Why study deaf people in America’s past?  “History of the American Deaf Community,” a seminar I teach that is cross-listed between UVA’s American Sign Language Program and the History Department, offers some revealing answers. Focusing on the emergence and growth of a community of sign language users, the course illumines the paradoxes of minority identity in the United States, the overlooked experiences of those who used an unrecorded language, the grievous effects of an insistence on normality, and much more.

My initial motive in offering the course and pursuing research in deaf history is undoubtedly personal: I am “late-deafened,” meaning that I’ve gradually lost much of my hearing since I was a child (I teach with a sign language interpreter). When I discovered the signing deaf community shortly after graduating from college, I became curious: How did something so rich and interesting come about, and why is it so often ignored?

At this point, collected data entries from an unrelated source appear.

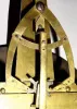 C.1810, French or Austrian, Movement only, pull wind via small rope, with unique dead beat escapement with escape wheel having 6 teeth only, and the escapement external to the clock, the round "pin" shaped pallets attached to the crutch and fully adjustable, clicked pulley attached behind the front plate. Condition: The 8" silvered dial is engine turned, although much of the pattern is worn away at this point. There is a sunken seconds bit turned right out of the brass dial, similarly engine turned within. Wheels have a high tooth count and we estimate the duration at 30 days or longer. There is a seconds hand, no others, no weight, no pendulum (would swing against the back of a case). The 4 mounting studs with original nuts are secured from the rear of the case with slotted spanner nuts, one stud bent. This is a unique and well made movement, with the special requirement of needing 5 inches of additional space above the dial for the apparatus that holds the crutch pivot. Ht from bottom of crutch to top = 14" [35.5cm]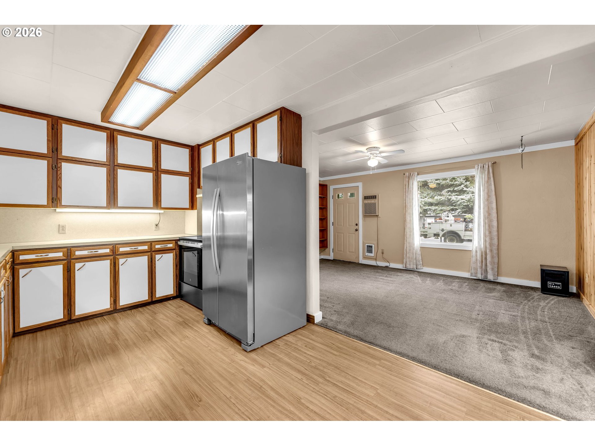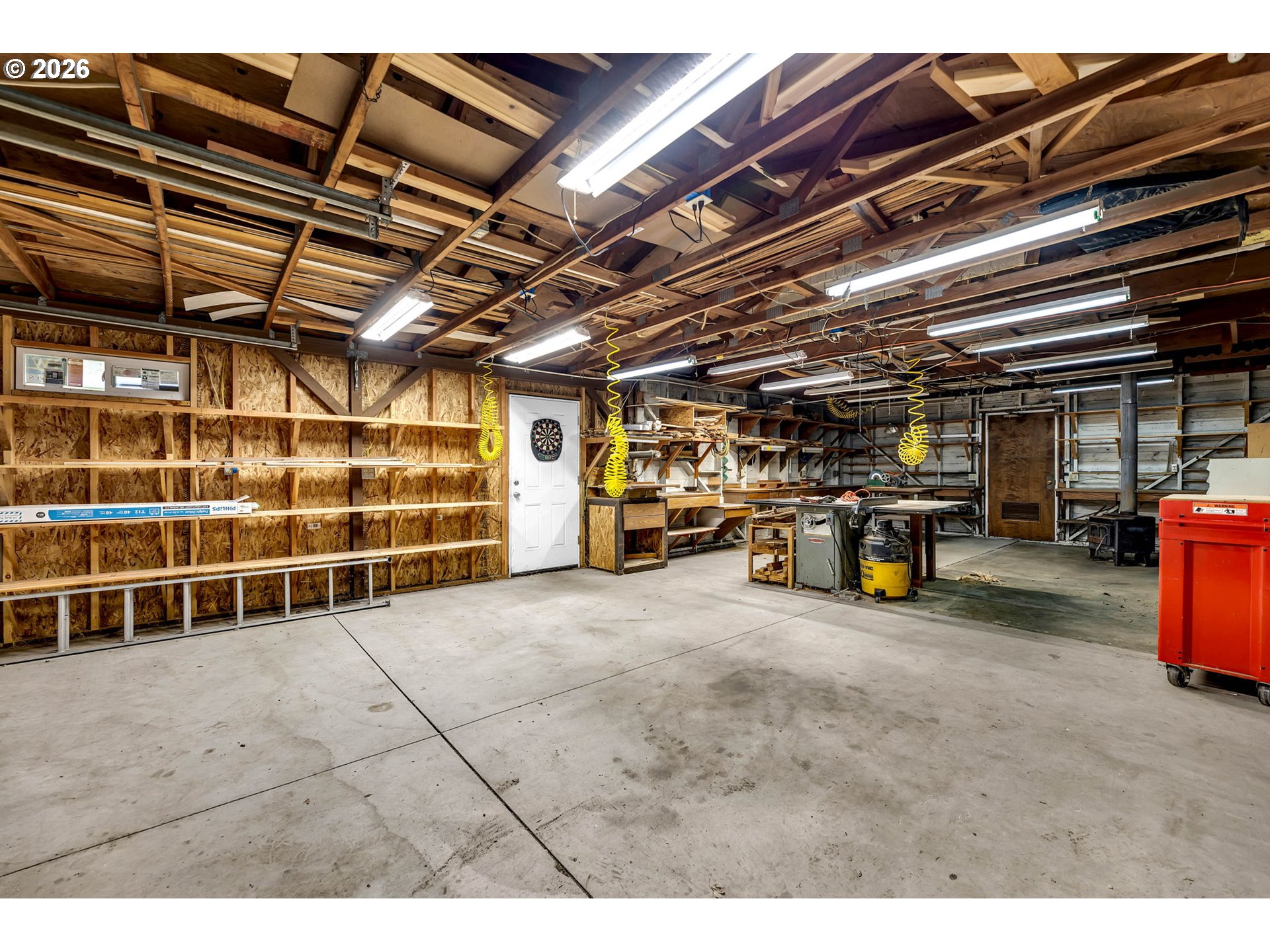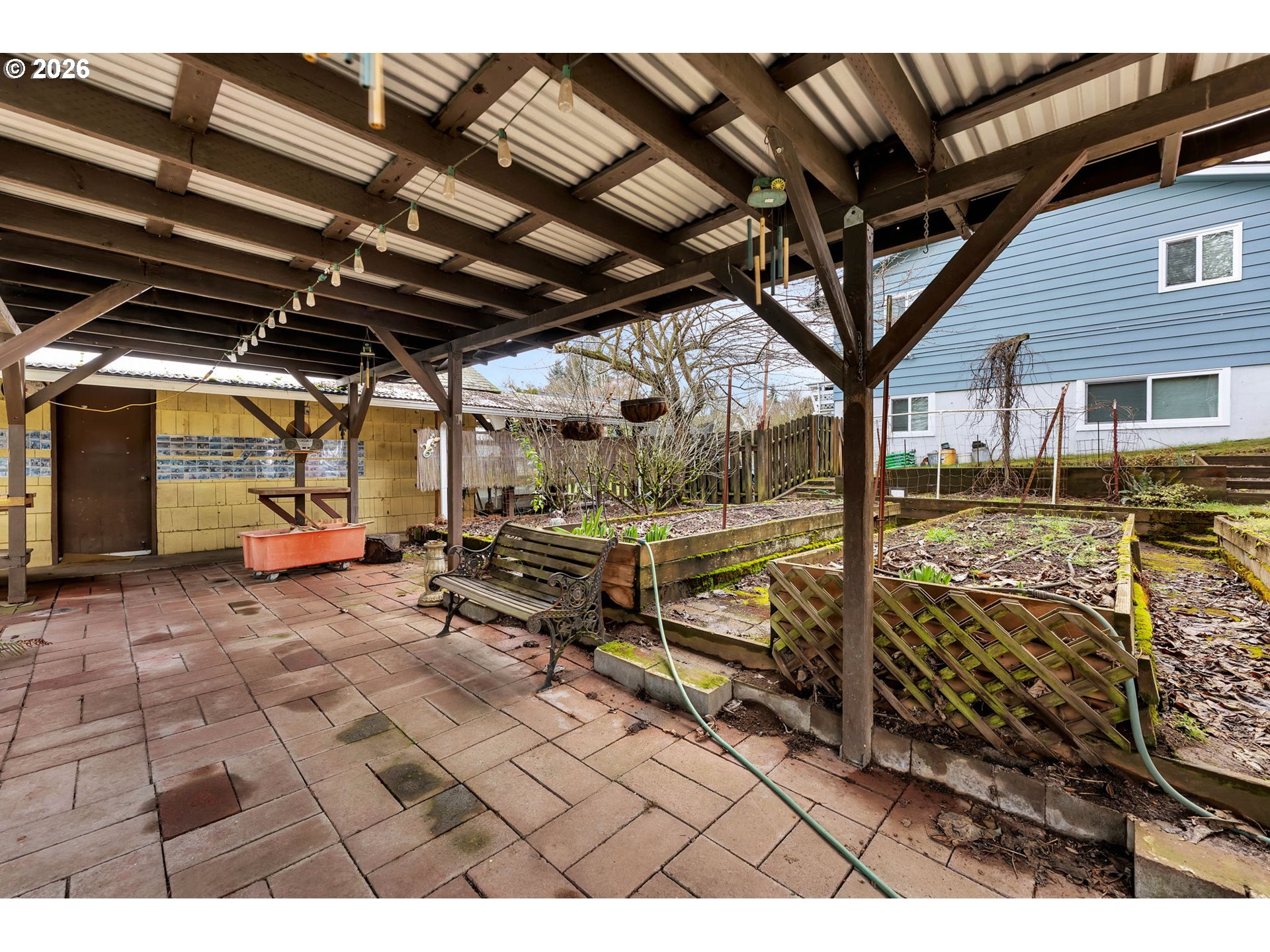 Built in 1938 and brimming with potential, this adorable cottage sits on a sprawling .28-acre corner lot where the possibilities truly outshine the footprint. A project for someone with vision, this home showcases charming period details including knotty pine wall paneling and a graceful arched doorway — a nod to its history. The kitchen features a bay window, built-ins, and an abundance of full-height cabinetry, with the freestanding refrigerator and range included. The spacious primary bedroom offers a walk-in closet and a bathroom complete with a dual-flush toilet and walk-in shower. An additional large office/utility room provides flexible workspace and extra built-in storage. A generous vaulted addition expands the livable space with abundant windows, a cozy electric fireplace, and exterior entry — ideal for guest quarters, a home gym, creative studio, or private office. Outside is where this property truly shines: multiple raised garden beds, a greenhouse for year-round growing, a huge covered patio for all-season enjoyment, a darling little red barn shed, and plenty of room to play, entertain, or relax. The impressive outbuilding/shop includes electricity, extensive lighting, tons of built-ins for storage, and large doors for easy access — ready for projects, storage, hobbies, or your next big idea. No HOA and RV parking add even more flexibility. With room to expand, garden, or reimagine, this is an opportunity to create something truly special. Schedule your showing today!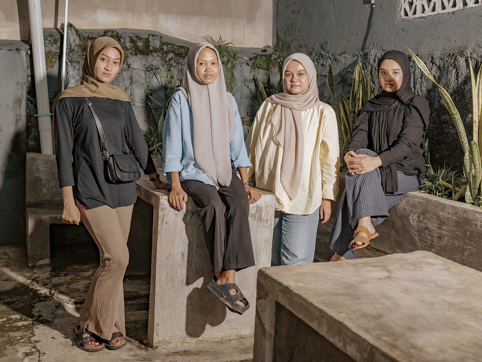 Kiri ke kanan: Azkiyah, Khusnul, Ariska dan Emy sedang kesulitan mendapatkan pekerjaan di Maros, Sulawesi Selatan karena lapangan kerja terbatas serta syarat kerja memberatkan. Selain itu, patriarki mengungkung Maros. Anak perempuan kerap tak diizinkan melanjutkan pendidikan tinggi di Kota Makassar. Selesai menamatkan SMA, mereka ikut dibebankan membantu keuangan keluarga. (Project M/Iqbal Lubis)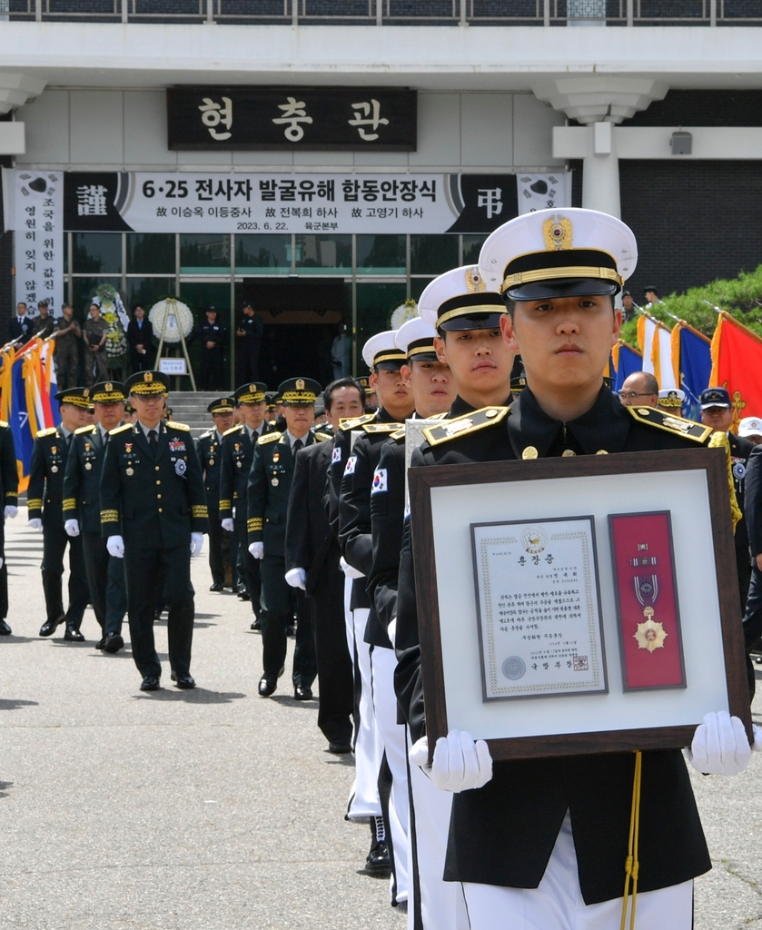 SEOUL, June 22 (Yonhap) -- The South Korean military held ceremonies Thursday to lay to rest the remains of six service members killed in the 1950-53 Korean War following their excavation from former battle sites, the Army said.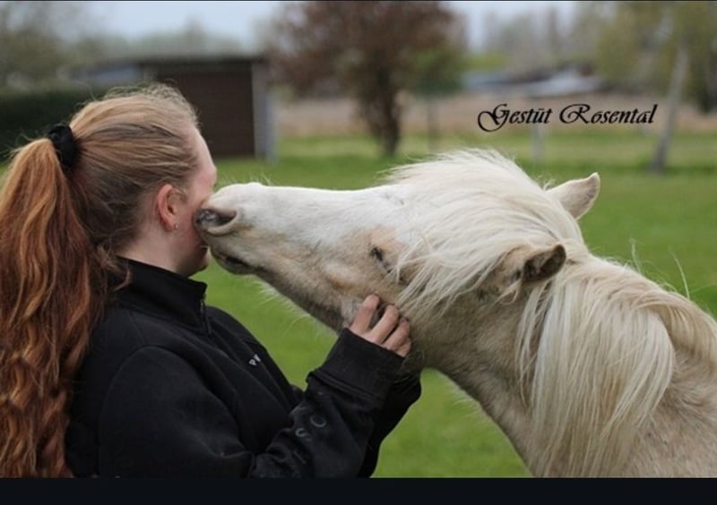 Il nostro splendido Dancer è arrivato da noi come puledro e è cresciuto in modo sano e robusto, circondato da altri giovani stalloni e stalloni da monta. È stato lavorato alla longe, conosce il salto libero, è abituato a passeggiate che lo rendono sicuro in strada e si mostra estremamente educato nel rapporto con le persone. Si trova nel box accanto a delle fattrici e, dalla stagione autunnale fino all'inverno, condivide il paddock con altri stalloni da monta e giovani stalloni. Alla longe, conosce già il peso del cavaliere e ha dimostrato fin dal primo tentativo di essere molto tranquillo e disponibile con questo compito. Dancer è stato convalidato nel 2025 dal Verband Mecklenburg-Vorpommern. Era destinato a essere impiegato principalmente nella nostra selezione di ponies da dressage, in particolare per coprire fattrici di taglia abbastanza grande a mano, ma questa mansione gli risultava difficile. I consigli di altri allevatori sono troppo rischiosi per noi, motivo per cui purtroppo è attualmente senza incarico. È rimasto incinta di una fattrice di circa 1,43 m e si è dimostrato molto gentile sia con la fattrice che durante il servizio di monta, sia a mano che con la femmina. Lo vendiamo a malincuore come stallone o, in alternativa, lo castriamo per poterlo addestrare come pony per bambini. Sono disponibili alcune foto, anche di quando era stallone giovane. L'immagine con le campane è la più recente: da allora ha preso un po' di peso e ora appare più robusto. Siamo disponibili a conoscerlo di persona, previo interesse serio.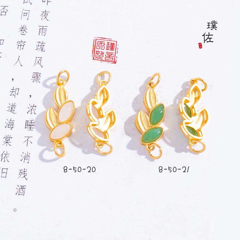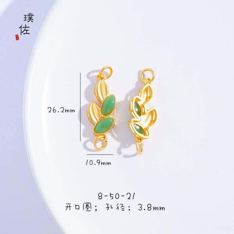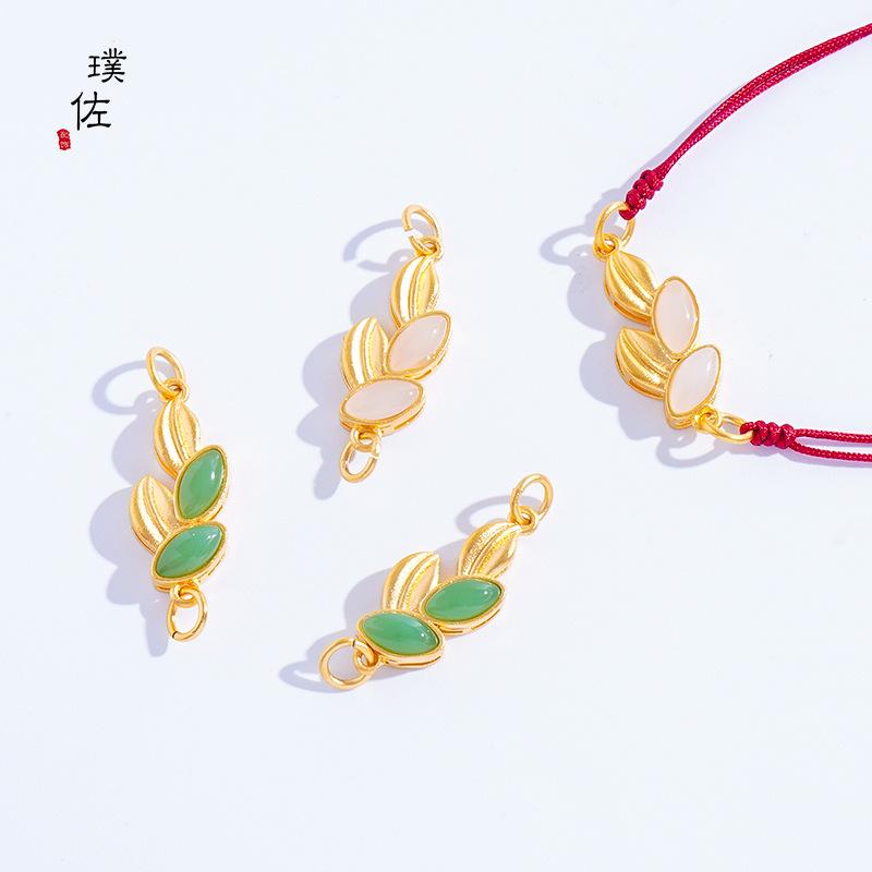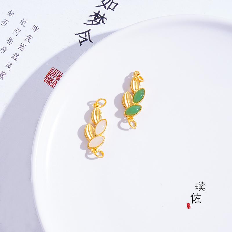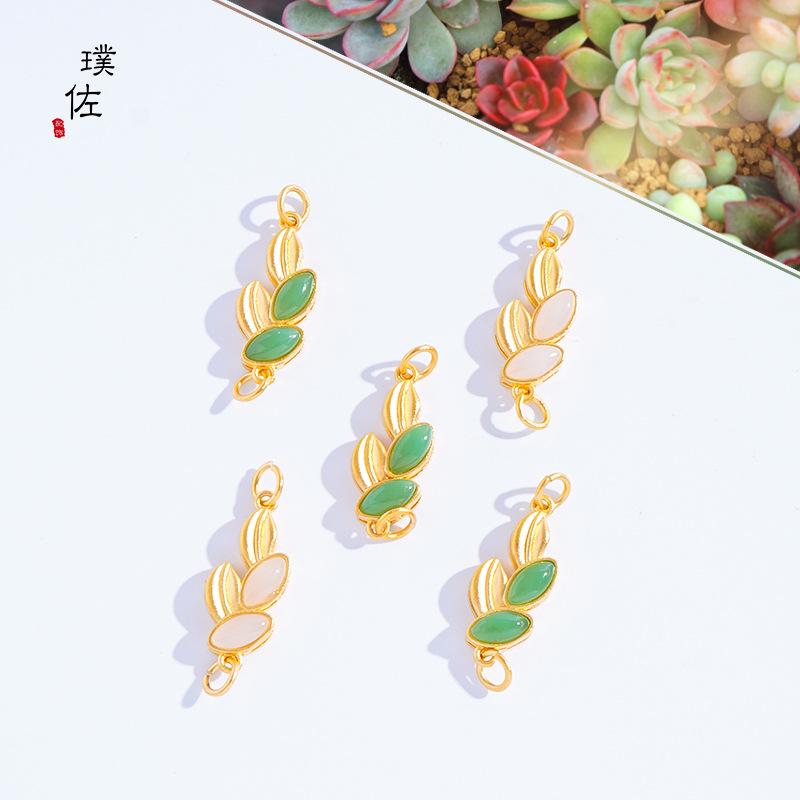Accesorios DIY de oro arena esmerilado antiguo de larga duración que no se desvanecen, hojas de árbol, ramas doradas, pulsera de hoja de jade, pulsera con cuentas, collar para mujer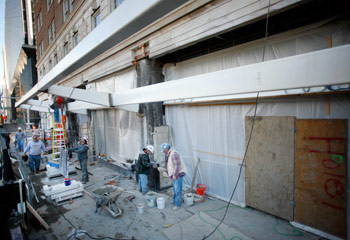 Steel beams will support the new awning, at the front of the hotel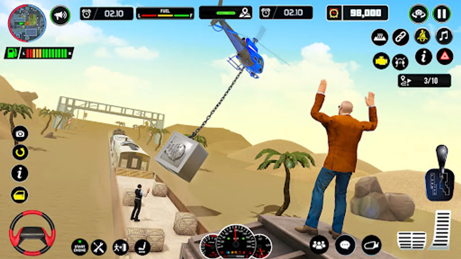 Gangster Crime Mafia City is an offline Game for Grand Theft in Vice City in which gangsters and mafia cartels are given the task to transport gold by train traveling through Crime City to other Gangster Vegas. Show your Western sniper shooting skills in the gangster games to shoot the mafia in the mafia gangster simulator and mafia city games for Grand Theft in Vice City.

As I offered the class, I came to see how studying deaf history illumines not only a specific minority group but also the center of American cultural history. Among the details we cover:

  • Approximately 94% of deaf people have hearing parents, meaning they are born into families that do not know or understand their situation. Before deaf education started in the early nineteenth century, most deaf Americans lived isolated from each other and uneducated.
  • Exceptions existed. In Martha’s Vineyard in the eighteenth century, isolation, intermarriage, and a recessive gene for deafness led to a signing village where many hearing families included deaf people. Deafness was largely destigmatized. Meanwhile, in New Jersey and Maine, deaf families with a dominant gene for deafness created a strong deaf identity where both parents and children signed.
  • The first permanent school for deaf students was founded in Hartford, Connecticut, in 1817. It was part of the larger impulse that gave rise to new free schools for impoverished children, schools for blind students, prisons, and hospitals during the Second Great Awakening. 
  • One of the co-founders of the school, Laurent Clerc, was a deaf teacher from France. In 1818, he wrote an address for the Connecticut legislature where he positioned deafness within the spectrum of human diversity. “Why then are we Deaf and Dumb?  I do not know, as you do not know. . .why there among the human kind, white, black, red, and yellow men.”
  • Deaf education was new and a source of fascination. Clerc received an invitation to visit President Monroe in the White House. When he went to Congress, speaker Henry Clay stopped the proceedings so representatives could meet Clerc, who communicated with them in written French and English.
  • Schools for deaf students were quickly founded in many states, including the Virginia School for the Deaf and Blind in Staunton in 1839.
  • Still, some educated deaf adults felt frustrated with the discrimination and lack of opportunity they encountered.  In the 1850s, one proposed forming a state for deaf people in the West where they could run their own affairs. Although the idea was ultimately rejected, it generated a passionate debate in a deaf journal.
  • In the midst of the Civil War in 1864, Abraham Lincoln signed the charter for the National Deaf-Mute College, which is located in Washington D.C. and is today called Gallaudet University.
  • In the late nineteenth century, hearing educators led by Alexander Graham Bell (who had a deaf wife and deaf mother) tried to ban sign language from deaf education and teach articulation and speech-reading. The movement, called oralism, was closely aligned with eugenics and fears that foreign immigrants were changing “American” ways.
  • In the early twentieth century, the advent of film allowed deaf people to record themselves signing for the first time, giving them a new means to express their language and culture.
  • In 1965, a hearing professor at Gallaudet University, William Stokoe, identified American Sign Language (ASL) as a language, helping to usher in a period of deaf pride and cultural celebration among deaf people that paralleled Black pride and other movements of the 1960s.

These are a few of the lessons that the subject has to teach all of us.

TFTL ASL class

                                The class illustrates the maxim: “The margin illuminates the center.”